In line with the effort to evaluate feasible surgical options for vasectomy reversal and to increase patients’ willingness to undergo the procedure, this study reported on a technique for ambulatory mini-incision microsurgical vasovasostomy using a double-ringed clamp (i.e. Moon’s clamp). This technique does not require the use of dilators, approximators and other accessory devices.


Ambulatory mini-incision microsurgical vasovasostomy was conducted on 263 patients who satisfied the surgical eligibility requirements for vasovasostomy and the safety criteria for local anaesthesia. The operation time, details on postoperative recovery and results of the postoperative semen analysis were recorded and retrospectively analysed.

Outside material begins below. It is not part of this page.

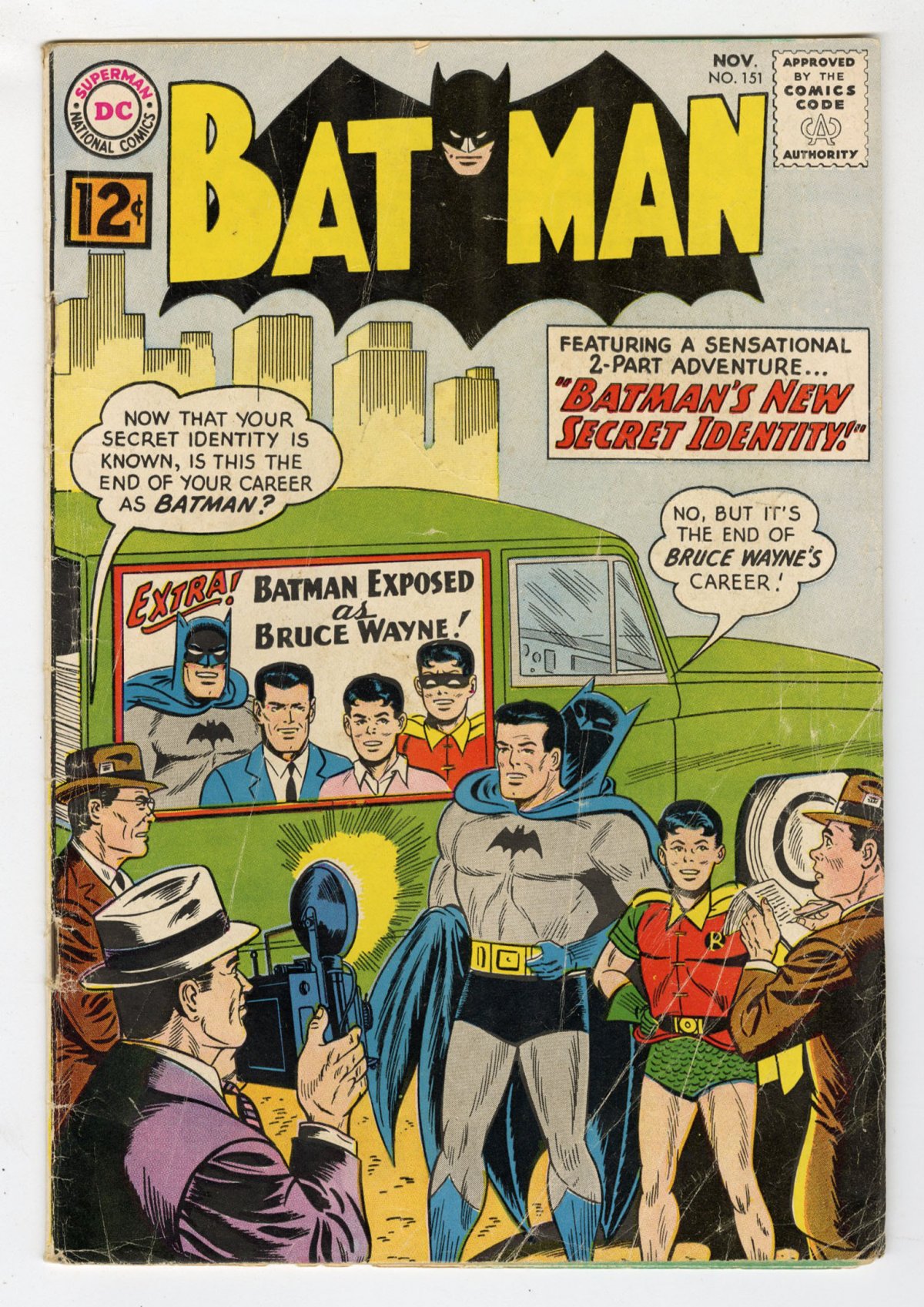 Batwoman story; COMIC BOOK IMPACT rating of 6 (CBI)Cover pencils by Sheldon Moldoff, inks by Charles Paris. "Batman's New Secret Identity!", script by Bill Finger, pencils by Bob Kane, inks by Charles Paris; The Caped Crusaders' secret identities are compromised, forcing them to adopt entirely new identities in order to continue their war on crime. Strange Laws humor/non-fiction page by Henry Boltinoff. One-page Professor Eureka story by Henry Boltinoff. "The Mystery Gadget from the Stars!", script by Jerry Coleman, pencils by Sheldon Moldoff, inks by Charles Paris; A weird alien device is discovered, whose rays causes objects to evolve; The Caped Crusaders must battle a criminal gang into whose hands the device has fallen.

The mean time used to isolate the bilateral vas deferens was 25.5 minutes. All patients were discharged on the day of surgery and all patients returned to their normal activities within 24–48 hours after surgery. No haematoma or infection occurred except in one patient. Postoperative semen analysis showed that the surgery was successful in 182 (96.8%) of the 188 patients who complied with the postoperative patient instructions.


Ambulatory mini-incision microsurgical vasectomy reversal using Moon’s clamp and under local anaesthesia is a surgically feasible option that offers the advantages of a low-risk operation. It also achieves successful vasovasostomy without other accessory devices and allows patients to return to their daily activities quickly with minimal complications.

Keywords: ambulatory surgical procedures, microsurgery, minimally invasive, surgical procedures, vasovasostomy


Successful vasectomy reversal involves surgery performed by a skilled expert, using a high-level microsurgical technique for various conditions of the scrotum and vas deferens. The procedure is associated with high surgical success rates and few complications (due to surgery or anaesthesia), with patients returning to their daily activities within a short duration of time. Different surgical and anaesthetic methods result in variations in postoperative stability and recovery time, which are related to the cessation of the patient’s social activities and the economic burden of missed employment. In an effort to increase patients’ willingness to seek vasectomy reversal, this study evaluated a surgical technique of ambulatory mini-incision microsurgical vasovasostomy performed under local anaesthesia, which involves the use of a double-ringed Moon’s clamp.(1) Dilators, approximators and other accessory devices are not required in this technique.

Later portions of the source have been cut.